Gorbachev slams – Havel defends – plans for US radar base
Former Soviet president Mikhail Gorbachev has come out strongly against plans by the US to site a radar base in the Czech Republic – as part of a broader missile defense system in Europe. In an interview for public broadcaster Czech TV on Monday, the former Soviet leader questioned the system was being planned against rogue states like Iran, saying on the contrary it was aimed against Russia and China. His views contrasted those of former Czech president Václav Havel who appeared on the same show. He defended the project – calling it a “first chance” for the Czech Republic to accommodate its ally, the US.
Two legendary political figures, two opposing views on missile defense: on Monday Mikhail Gorbachev and Václav Havel both addressed the issue in separate interviews for Czech TV. Not altogether surprisingly, Mr Gorbachev came out against, making clear just how sensitive an issue missile defense is for Russians: “You believe [the system] will be used against Iran?” the former Soviet leader said, “The whole system is aimed against Russia and China”. His words echoed many months of criticism by the Kremlin, which has so far failed to see eye to eye on the matter with the US. A little earlier I spoke to Oldřich Bureš, a specialist on Russia at Charles University:
“I was a bit surprised by what Mr Gorbachov had to say: not by the fact that he is against the US missile defense system, but by the sharpness of his criticism and the arguments that he used, especially his treatment of the system as ‘offensive’ and the fact he neglected the technical issues. Otherwise, I think his words were fully in line with current Russian foreign policy. I cannot recall any Russian official – past or present – coming out in favour of the system or simply not opposing this project. ”
It is difficult to gauge why Mr Gorbachev reacted as strongly as he did, although the reason could lie in the past. Once again, Oldřich Bureš:
“This is purely speculative but you could argue that the whole project started under Mr Gorbachev’s watch when Ronald Reagan first came forward with the Star Wars defense initiative. Maybe there is some residual from the past which still haunts him.”
In his words, at times Russia “seemed to forget where its borders began and ended”, thinking that “what belonged to it once, belonged to it still”.

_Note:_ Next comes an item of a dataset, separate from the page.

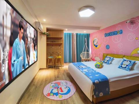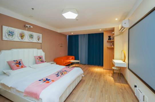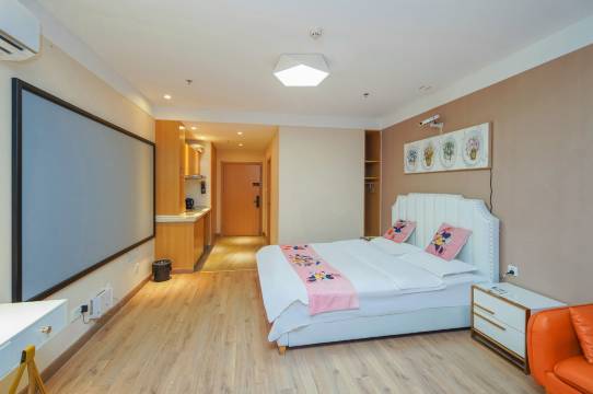 房间很好,无人自助酒店,没有前台,省去了登记环节,价格实惠,性价比高,房间挺大,投影仪也不是杂牌,很清晰

Most Czechs, polls suggest, are still opposed to a US radar base being stationed on Czech territory but that hasn’t stopped the Czech government from going ahead with the project. Representatives are now in final negotiations and talks with the US are expected to wrap up soon. According to many analysts – both here and abroad - Russia may react with discontent, but there is little it can do to prevent the radar from becoming a reality if the US and the Czech Republic strike a deal.